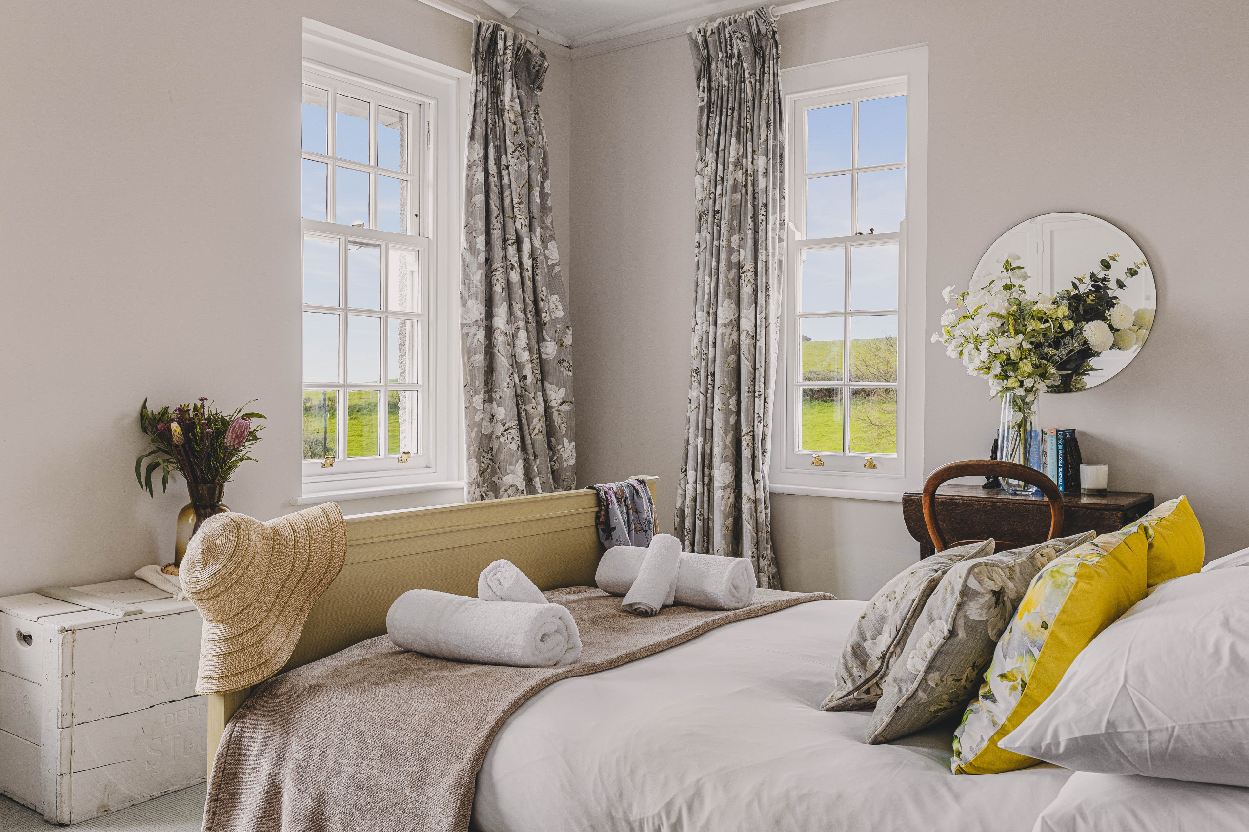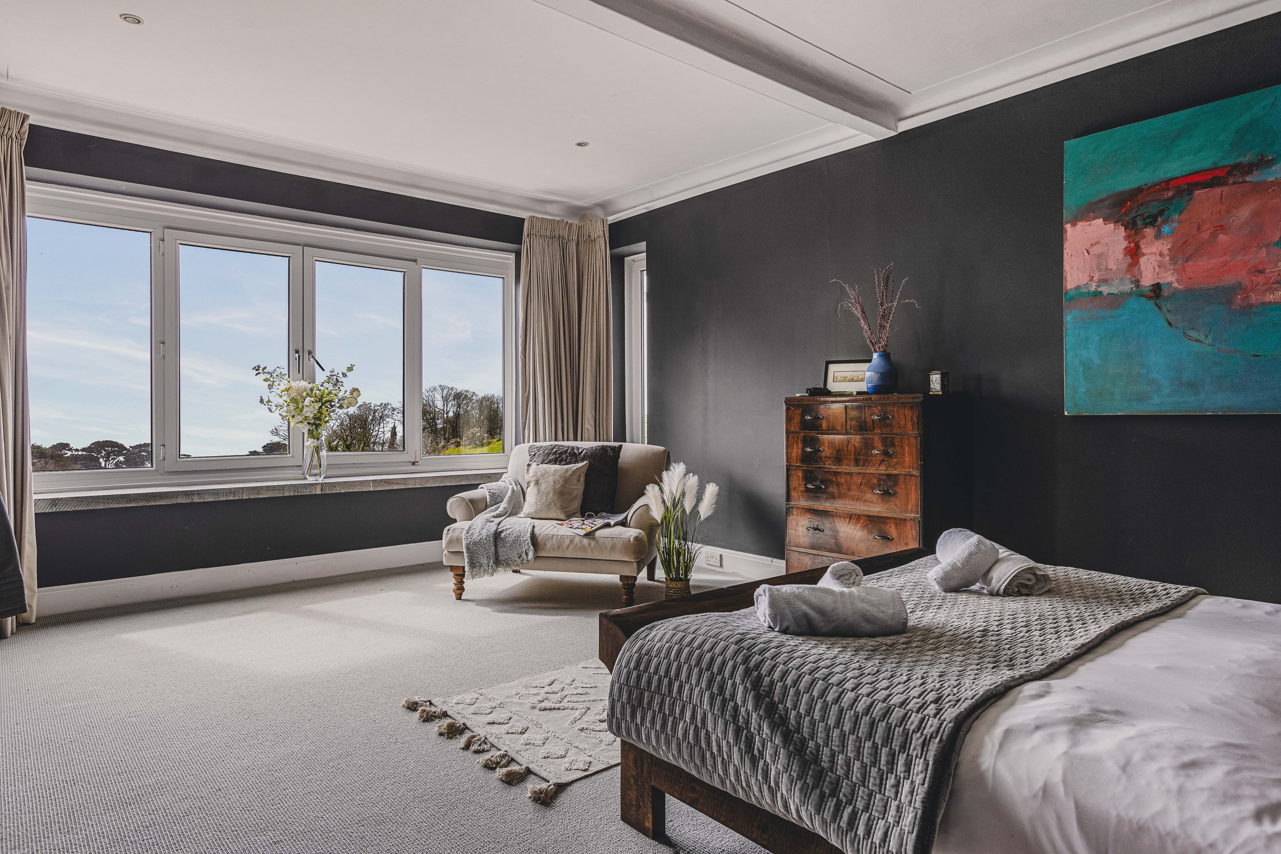 Upstairs, the extensive landing leads to the east section of the property with the principal bedroom enjoying wonderful high ceilings and large windows overlooking the rear gardens, Start Bay and the golden beaches of Hallsands and Beesands.
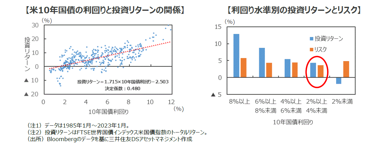 ■現在の米10年国債利回りは3.8%(2月15日)と、リスクに見合う投資リターンが期待できる状況にある、と考えることができそうです(右下図参照)。
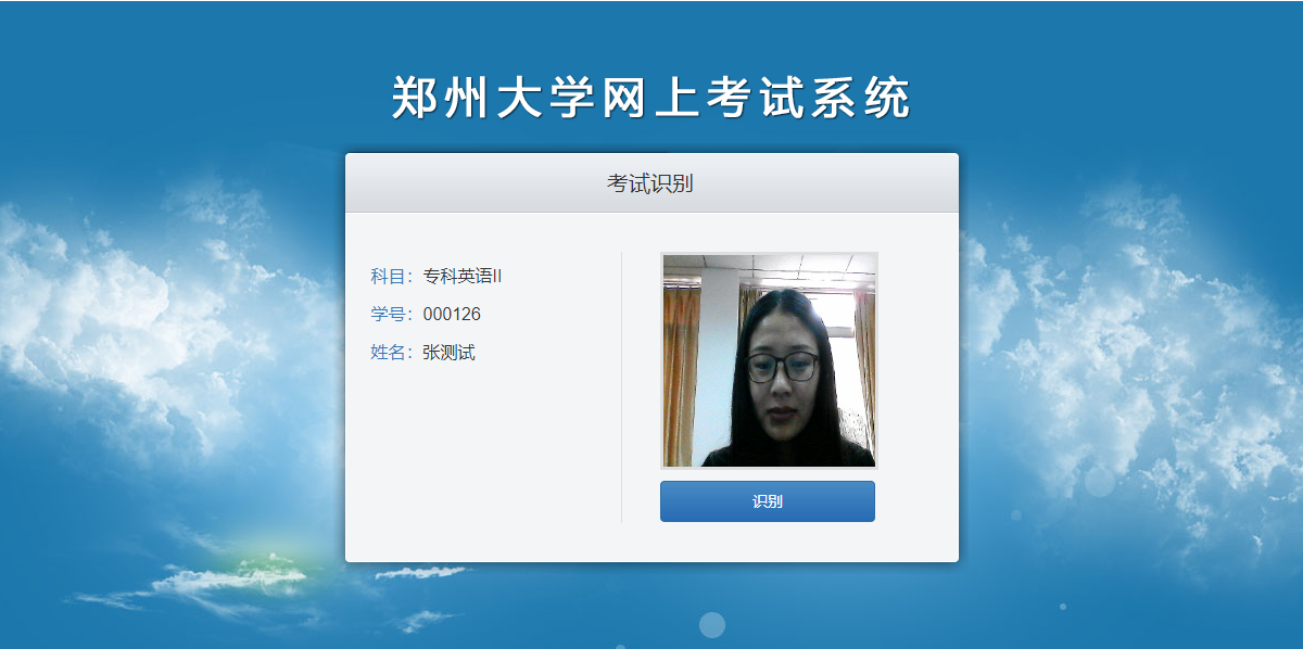 賬號(hào)密碼驗(yàn)證通過(guò)后,考試系統(tǒng)還需要對(duì)考生面部進(jìn)行識(shí)別,點(diǎn)擊【識(shí)別】按鈕,并按系統(tǒng)提示完成相應(yīng)動(dòng)作。系統(tǒng)在計(jì)時(shí)倒計(jì)時(shí)讀秒完成后確認(rèn)考生為本人時(shí)方可進(jìn)入考試,如下圖所示:

• **TASK**
Reproduce the data word for word, excluding its pictures.

• **SOLUTION TO THIS EXERCISE**
 Upstairs, the extensive landing leads to the east section of the property with the principal bedroom enjoying wonderful high ceilings and large windows overlooking the rear gardens, Start Bay and the golden beaches of Hallsands and Beesands.
 ■現在の米10年国債利回りは3.8%(2月15日)と、リスクに見合う投資リターンが期待できる状況にある、と考えることができそうです(右下図参照)。
 賬號(hào)密碼驗(yàn)證通過(guò)后,考試系統(tǒng)還需要對(duì)考生面部進(jìn)行識(shí)別,點(diǎn)擊【識(shí)別】按鈕,并按系統(tǒng)提示完成相應(yīng)動(dòng)作。系統(tǒng)在計(jì)時(shí)倒計(jì)時(shí)讀秒完成后確認(rèn)考生為本人時(shí)方可進(jìn)入考試,如下圖所示:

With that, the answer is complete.